Although we often think of clarity as an outcome, clarity is really a process. It is a habit of mind. What’s more, it is a habit of mind you can learn.

What follows is a five-step process that will keep you thinking clearly and acting purposefully — and accomplishing what matters most.

1. Press “pause”
Pressing “pause” is the first step to the habit of clarity. You’ve got to take a direct and deliberate time-out. Every day. For 15 minutes.

Why? Because if you’re moving too quickly, the passing view is blurry. You’ll never find, let alone maintain, clarity.

Doing nothing permits us to relax into ourselves. As my first pilates teacher used to say, as we were struggling so hard to simply locate those elusive core muscles: “More feeling, less effort.” When we relax into ourselves, we have space to notice what thoughts and emotions rise to the top. Our more risky or resistant feelings have space to make themselves known. Back-burner ideas are given a fighting chance to make it to the front burner.

2. Pay attention
Once you’ve mastered 15 minutes of nothing a day, you’re present and primed for active listening. To yourself. What can you observe about your own thinking patterns, emotional themes, and behavioral habits? This personal profiling is essential to the five-step process, because it is the basic material that will either block or enable the flow of clarity.

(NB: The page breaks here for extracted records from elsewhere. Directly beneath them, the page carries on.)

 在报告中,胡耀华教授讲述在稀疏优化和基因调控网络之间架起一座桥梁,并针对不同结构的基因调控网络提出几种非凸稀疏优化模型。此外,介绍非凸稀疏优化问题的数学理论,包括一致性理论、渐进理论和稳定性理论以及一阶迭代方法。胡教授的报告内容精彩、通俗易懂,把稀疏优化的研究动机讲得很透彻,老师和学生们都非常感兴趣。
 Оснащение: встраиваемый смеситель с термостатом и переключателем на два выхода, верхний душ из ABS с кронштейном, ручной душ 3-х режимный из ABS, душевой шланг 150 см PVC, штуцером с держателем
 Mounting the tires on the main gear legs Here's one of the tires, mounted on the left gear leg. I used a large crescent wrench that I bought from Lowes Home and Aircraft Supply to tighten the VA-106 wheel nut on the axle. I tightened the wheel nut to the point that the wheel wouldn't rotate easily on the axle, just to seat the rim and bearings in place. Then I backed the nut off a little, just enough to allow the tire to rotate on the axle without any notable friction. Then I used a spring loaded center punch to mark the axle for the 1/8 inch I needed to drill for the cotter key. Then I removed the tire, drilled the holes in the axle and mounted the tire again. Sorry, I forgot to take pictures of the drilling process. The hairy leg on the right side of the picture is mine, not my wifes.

I’m not talking about turning into a narcissist, gazing admiringly at yourself in every passing mirror. I’m talking about getting curious.

As you pay attention to your thoughts, emotions, and actions, it’s important to keep the impulsive rush to judgment in check. Can you remember what it was like as a kid, when feeling wonder was fun enough? Can you watch yourself with that same wonder, at a slight distance, without letting personal baggage cloud your vision? Can you skip the color commentary?

3. Ask questions
Once you have become present to yourself by pressing pause and paying attention, you will find yourself naturally wondering “How . . . ?” & “What . . . ?”

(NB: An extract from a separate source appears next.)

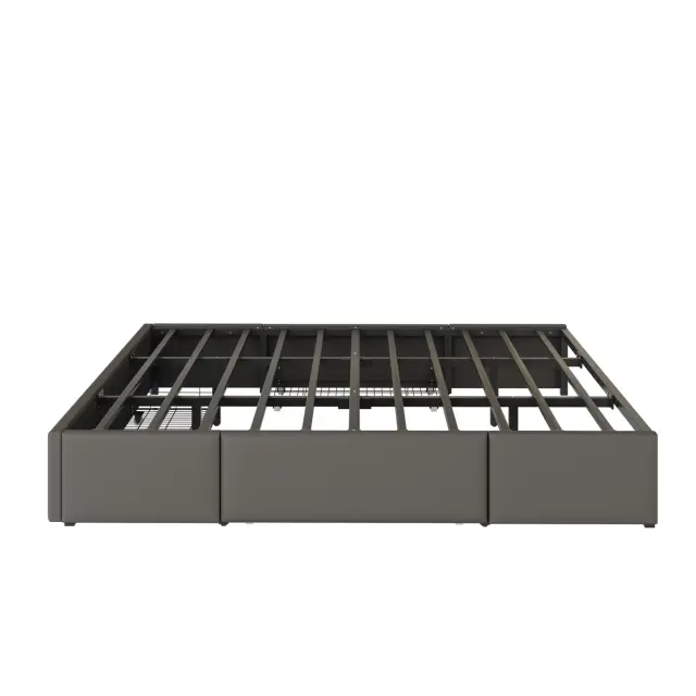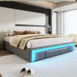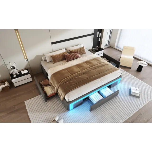 Posteljni okvir 180x200 siv s predali, umetno usnje, brez vzglavja, LED

That’s when you realize: clarity is an inquiry.

Questions drive this self-inquiry. They provide depth, and detail. They connect the dots. They reveal what’s been ignored, lost, or forgotten. They dislodge whatever’s stuck. They cut through the clutter and debris. They dissolve the waxy buildup.

Keep asking those questions, and your priorities will become increasingly transparent—and powerful. No more feeling confused or conflicted about what matters most.

The goal is to ask probing, informational questions, which are open-ended and non-judgmental.

4. Ask more questions
Some questions are more difficult to pose than others. The hardest questions are the ones that cut closest to the bone. These are the heavy hitters you’ll need when you meet your most stubborn fear and resistance.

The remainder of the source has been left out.